I don't think you will like my advise but am going to share my story with you anyways.

My first child had her binkie until she was a day shy of 4yo. Gave it up on her own no tears. Her idea.

My second child gave his binkie up on his own no tears at 3ys 6 months.

My youngest child have up her thumb very abruptly at 14 months.

I truly believe they will give it up when the urge to suck goes away. They will not go off to college with it. Is it a pain to have to make sure you have a binkie with you? Yes. Is it annoying to run around the house at bedtime to find them? Yes. But I think it is easier on the child to give it up when they are ready and IMO/IME right before the life changing even of a new sibling may not be the best time. Also if she is still struggling with it when the new little one arrives you may find her snatching the babies binkie.

I wish you luck.


----------



## pbjmama (Sep 20, 2007)

Perhaps the alternative is to just let her have it at night?

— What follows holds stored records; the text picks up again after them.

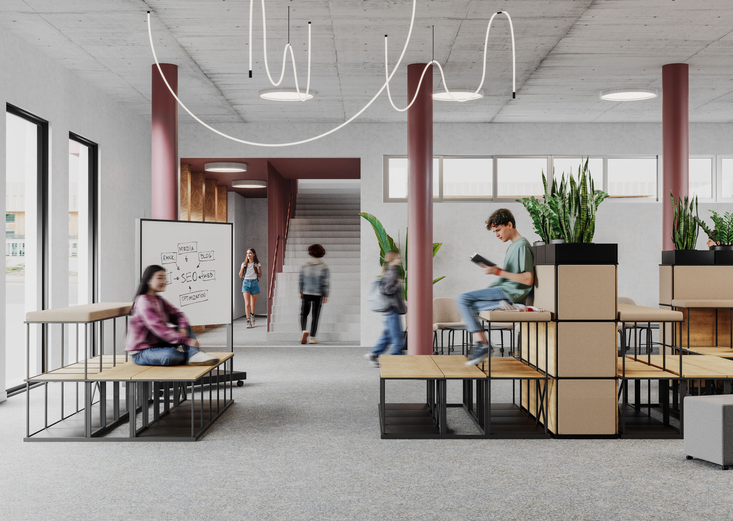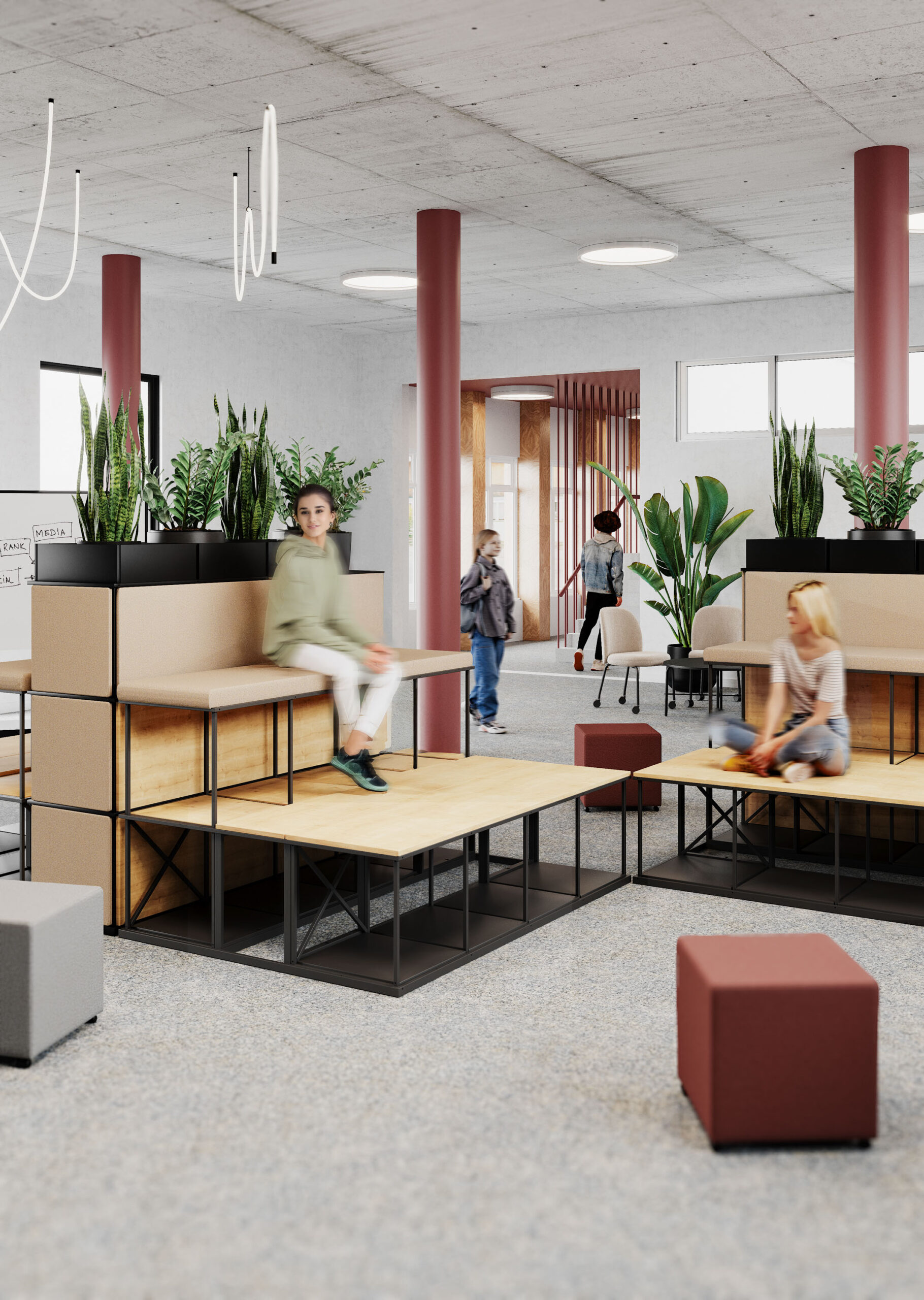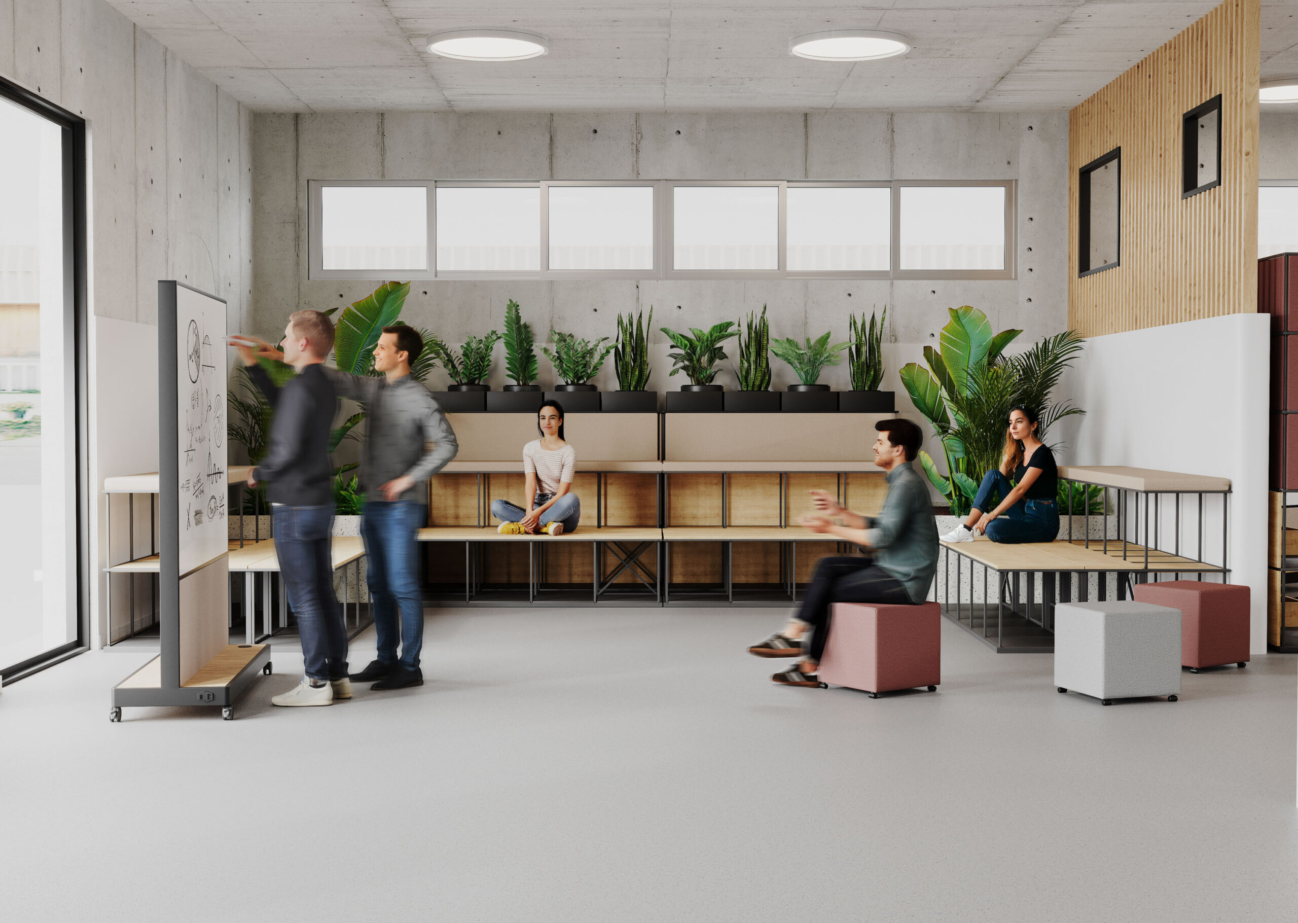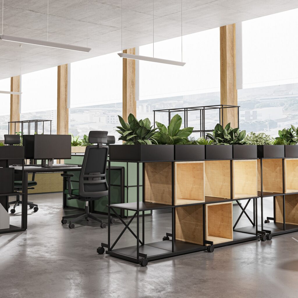 Un sytème modulaire de rayonnages fonctionneles construits en acier. Chaque rayonnage peut avoir des dimensions et une forme unique.
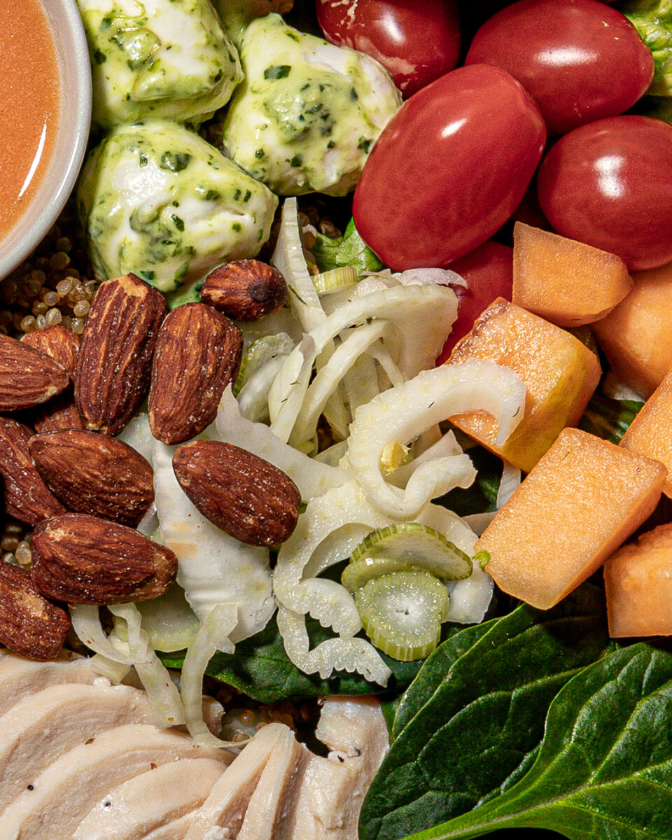 Bjärekyckling, vit quinoa, cantaloupemelon, marinerad mini mozzarella, picklad fänkål, spenat, babytomater, saltrostade mandlar & blodapelsinvinägrett*.
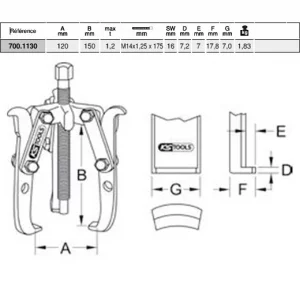 Extracteur à 2 et 3 griffes 6’’, les griffes sont utilisables des deux côtés, potence pour 2 ou 3 griffes. Capacité maximum : 150 mm, profondeur : 85 mm. Garantie à vie ! (dans des conditions normales d’utilisation). Extracteur universel à 2 et 3 griffes KS TOOLS Chrome vanadium de haute qualité. Capacité maximum : 150 mm Profondeur : 85 mm Force max. d‘extraction : 1,2 Tonnes Vis de force : écrous 13 mm, longueur : 175 mm Vis de force extrêmement robuste avec filetage durci Poids : 1,83 kg Attention : • Conserver la vis de force propre et graissée • Lors de sollicitation importante utiliser de la graisse spéciale filetage
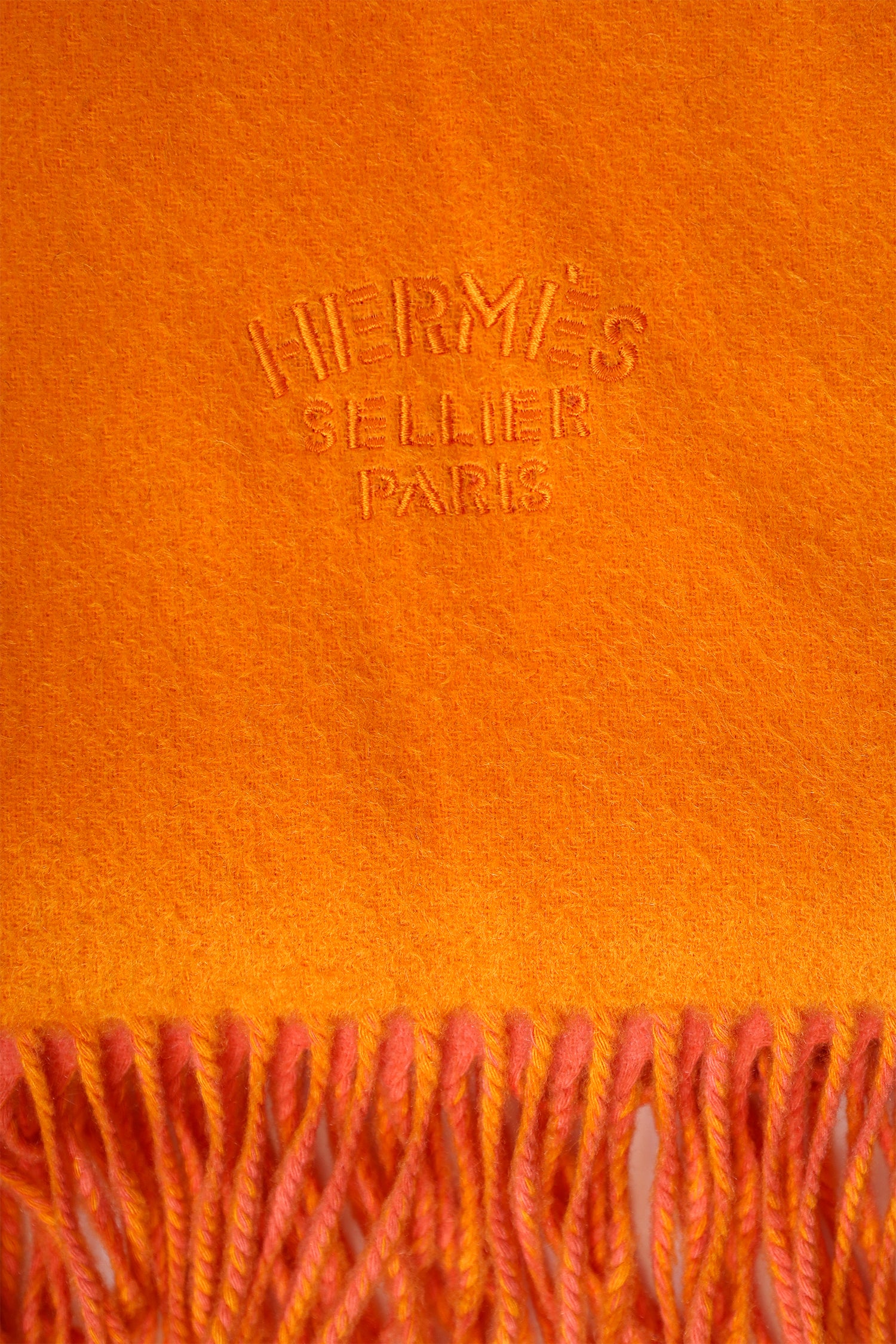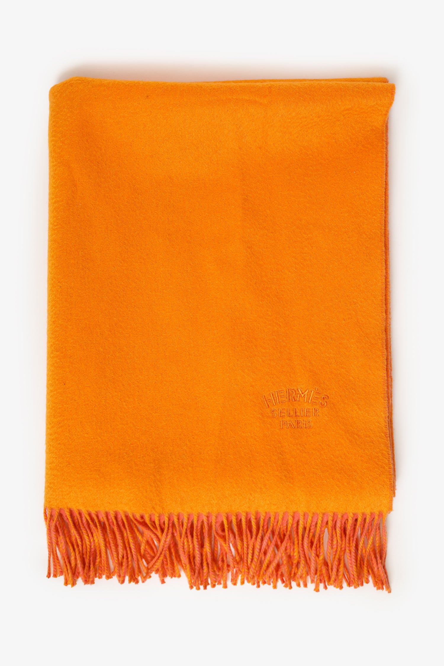 Refresh availabilityHermés Orange/Pink Cashmere Double Face Stole. Fringe detail. Tonal stitching.
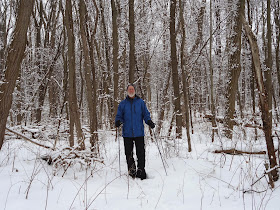 Yesterday was a good day, though Evie was busy with preparations for our dinner with the McClures last night. Before we went snow shoeing over at Long Point, she made a banana cream pie for dessert, Ron's favorite. Around 11:30, we drove to the end of Lakeside Drive, Evie strapped on her snow shoes, and we were off in the winter wonderland of the park. The woods were still frosted from the previous day's snow, and we walked for an hour. Both of us were tired by the end of hour walk, just wanting to get back to the car and home.
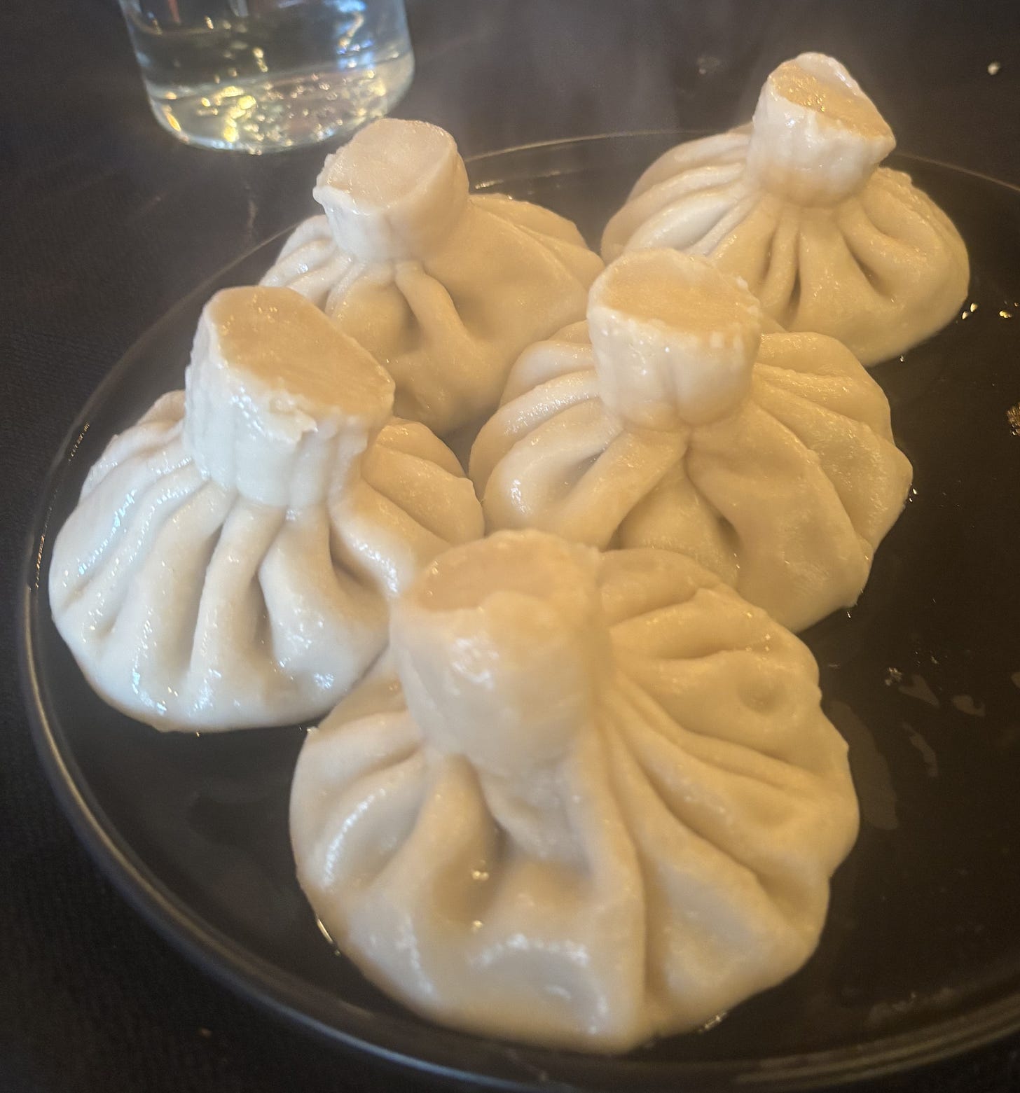 Khinkali: Boiled juicy dumplings filled with seasoned meat and herbs (These were much larger than we expected. We were told to eat them like a sandwich, but this resulted in the soup filling spilling out onto our plates.)
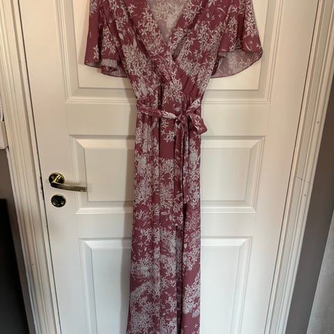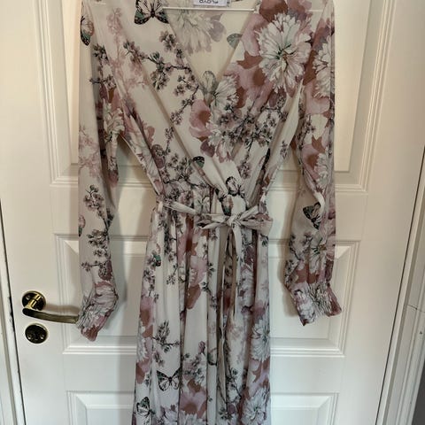 Floyd sommerkjole i størrelse S for dame. Kjolen er flerfarget med blomstrete mønster i hovedsaklige pastelltoner. Materiale i polyester. Modellen har kort erm, V-utringning og knytebelte i livet. Lengden går omtrent til leggen, og passformen er lett og fallende. Egnet som sommerkjole til hverdagsbruk eller enklere selskapelige anledninger.

I also let my kids have it until they were much older then we came up with a plan to get rid of it together. I don't follow your logic, it sounds like you wanted to get rid of it because she asks for it but I don't think asking for it is a bad thing, more of a self soothing skill? At the same time, you are several days into it so maybe it is time to make the push. Good luck with your decision.


----------



## Stephanie-MI (Jan 20, 2011)

I am going through the same thing, same age but a boy. We wanted to take his away because he would keep it in his mouth ALL day and it was stopping his speech development. We broke him cold turkey, he only noticed at nap/bed time. Cried for 1 hour the first night, 10 minutes the 2nd night and went right to bed the 3rd night. He started talking much better immediately!!! We went about a month with NO binkie at all, then lately he's been throwing fits at bed time or in the car and we caved and gave it to him a few times because I am 8 months pregnant and am so miserable and exhausted right now I just cant deal with it at times, but its not a regular part of his day now. We were out baby shopping yesterday and bought some binkies and he flipped and was trying to tear them out of the package. I am worried he will just steal his new baby sisters binky out of her mouth all day and is another reason we wanted to break him of it.

My other 2 never had binkies, they never wanted them even as newborns. So he was my first to break off of it.

Stephanie


----------



## beebalmmama (Jul 21, 2005)

My ds had his binky for naps and night time at 18 months. But not during the day "binky stayed in bed". He ended up weaning from it completely right before his 3rd birthday (no problems, no tears at all). We also nightweaned at 18 months because I was TIRED and so it was necessary for him to still have his binky to sleep. He had always been a high needs sucker so I think in our case it would have been too soon to take it away completely. Sounds like maybe for her too?


----------